[Records from a collection]
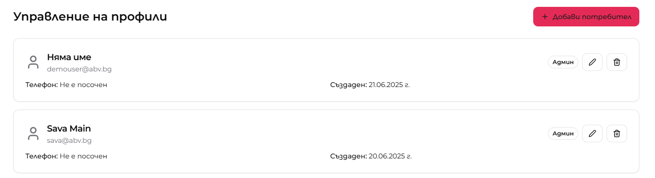 Този модул предоставя цялостна функционалност за администриране на потребителски профили в системата.
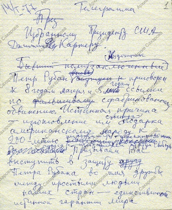 "Телеграмма. Избранному президенту США Джимми Картеру" с призывом выступить в защиту осужденного по сфабрикованному обвинению Петра Рубана
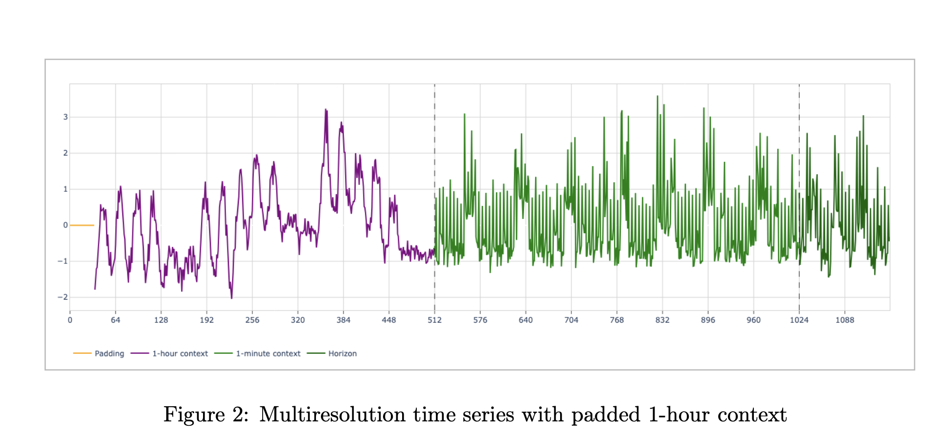 Formally, the model consumes a pair of contexts, (xc, xf). The coarse context (x_c) and the fine context (x_f) each have length up to 512. The spacing of (xc) is fixed at 60 times the spacing of (xf). A typical observability setup uses 512 hours of 1 hour aggregates and 512 minutes of 1 minute values. Both series terminate at the same forecast cut point. The model predicts a horizon of 128 points at the fine resolution, with a mean and a set of quantiles from 0.1 to 0.9.
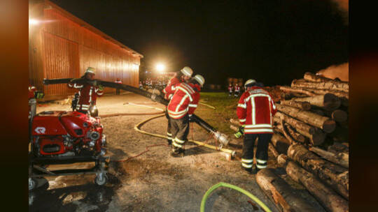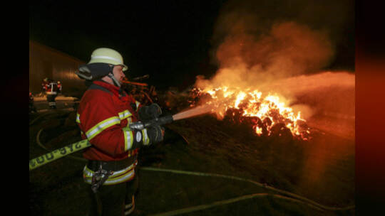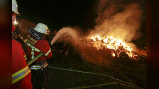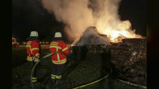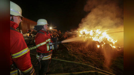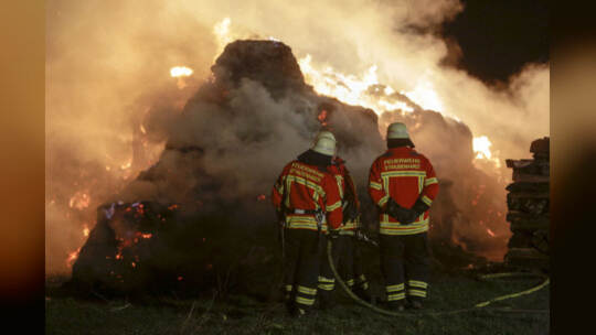 Ein Großaufgebot von Einsatzkräften war am Sonntagabend nötig, um ein brennendes Heulager in Schwann zu löschen. Nun ermittelt die Polizei wegen Brandstiftung.
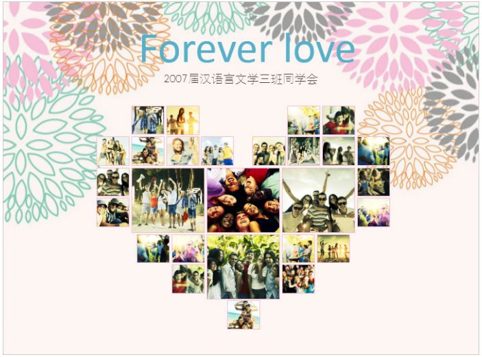 当一页幻灯片上图片非常多时,还可以参考照片墙的排版方式,将图片排出更多花样。如图2-8所示的心形排版,每幅图可等大,也可大小错落。能够表现亲密、温馨的感觉。
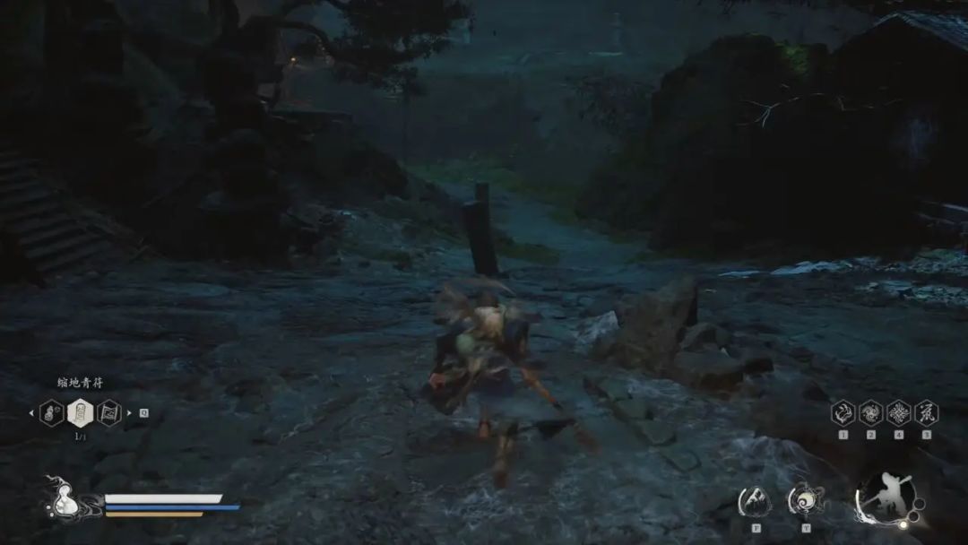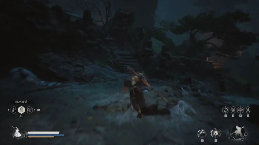 我们往前走能看到盘丝洞—下层土地庙,点亮后我们能看到前方是一个岔路口,我们遵循左手原则,先上最左边地楼梯,在山顶房子里能拿到酒食—血杞子,拿到后我们传送回土地庙。
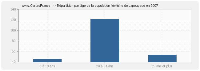 Répartition de la population féminine de Lapouyade par âge en 2007 :
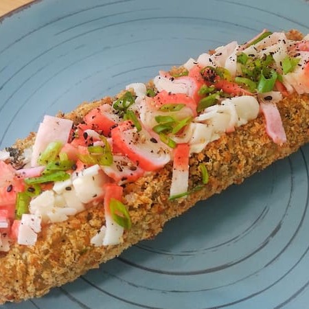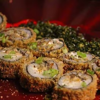 Alga nori empanada e crocante com recheio de arroz, cream cheese e deliciosos cubos de Kani Kama, acompanha cebolinho!
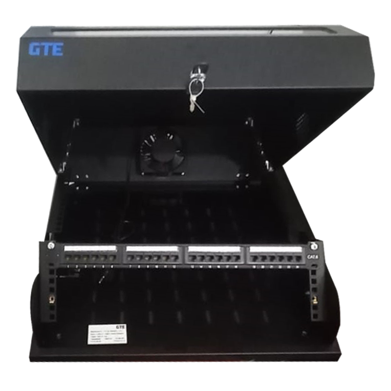 GTE – Slim wall-mounted enclosures are ideal for housing active and passive components. They are characterized by simple and time-saving installation. The modern design fits into any office or home. The enclosure has 2 separate installation options: A rotatable vertical 3U rail is attached to the front. Alternatively, this can also be positioned horizontally or at an angle. A horizontal 5U rail is attached to the rear (fixed), which can be used for passive network components, for example.
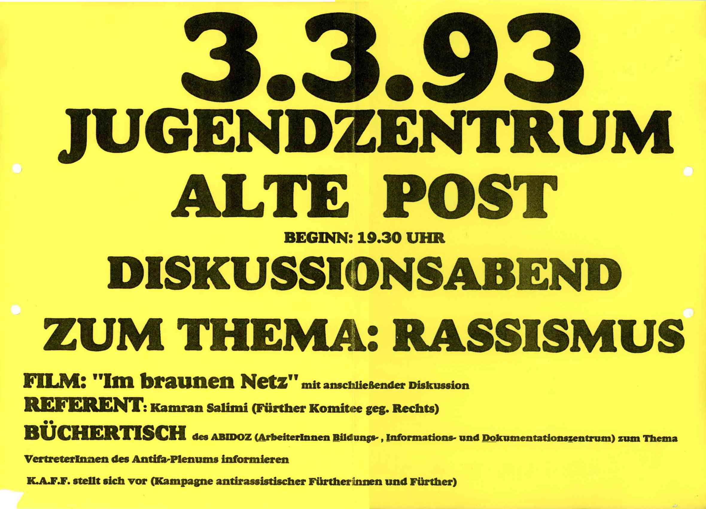 | Beschreibung | Veranstaltungsposter des Komitees gegen Rechtsradikalismus in Fürth, Mrz 1993 | ||
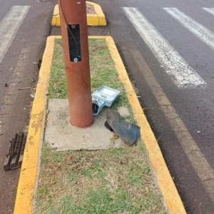 A ocorrência foi atendida pela Guarda Municipal, que encontrou um Volkswagen Gol, de cor vermelha, atravessado na via após colidir contra um poste de iluminação pública localizado no canteiro central. No momento da chegada da equipe da Guarda Municipal, o atendimento à vítima já estava em andamento.
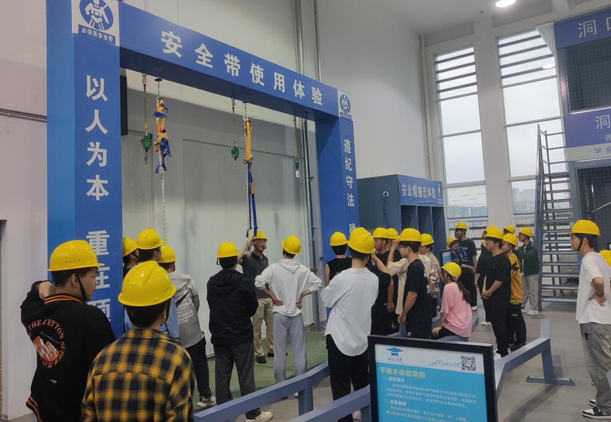 为加强2024届顶岗实习学生的安全意识,开云kaiyun体育在科技活动周期间还组织开展了施工现场安全科普活动。建筑实训工厂作为合肥市科普教育基地创建单位,内部设有完整的施工现场安全体验设备、设施。在现场科普老师的带领下,学生进行了综合用电演示体验、安全帽撞击体验、安全带使用体验、洞口坠落体验、护栏推到体验等。同学们在体验中真切感受到施工现场安全容不得半点马虎,必须要严格按照施工标准、规范要求操作。

# [Activity]
Please reproduce, word for word, only the lines from the line that holds "我们往前走能看到盘丝洞—下层" through the final line of the entries above, omitting any pictures.

# [Exercise answer]
 我们往前走能看到盘丝洞—下层土地庙,点亮后我们能看到前方是一个岔路口,我们遵循左手原则,先上最左边地楼梯,在山顶房子里能拿到酒食—血杞子,拿到后我们传送回土地庙。
 Répartition de la population féminine de Lapouyade par âge en 2007 :
 Alga nori empanada e crocante com recheio de arroz, cream cheese e deliciosos cubos de Kani Kama, acompanha cebolinho!
 GTE – Slim wall-mounted enclosures are ideal for housing active and passive components. They are characterized by simple and time-saving installation. The modern design fits into any office or home. The enclosure has 2 separate installation options: A rotatable vertical 3U rail is attached to the front. Alternatively, this can also be positioned horizontally or at an angle. A horizontal 5U rail is attached to the rear (fixed), which can be used for passive network components, for example.
 | Beschreibung | Veranstaltungsposter des Komitees gegen Rechtsradikalismus in Fürth, Mrz 1993 | ||
 A ocorrência foi atendida pela Guarda Municipal, que encontrou um Volkswagen Gol, de cor vermelha, atravessado na via após colidir contra um poste de iluminação pública localizado no canteiro central. No momento da chegada da equipe da Guarda Municipal, o atendimento à vítima já estava em andamento.
 为加强2024届顶岗实习学生的安全意识,开云kaiyun体育在科技活动周期间还组织开展了施工现场安全科普活动。建筑实训工厂作为合肥市科普教育基地创建单位,内部设有完整的施工现场安全体验设备、设施。在现场科普老师的带领下,学生进行了综合用电演示体验、安全帽撞击体验、安全带使用体验、洞口坠落体验、护栏推到体验等。同学们在体验中真切感受到施工现场安全容不得半点马虎,必须要严格按照施工标准、规范要求操作。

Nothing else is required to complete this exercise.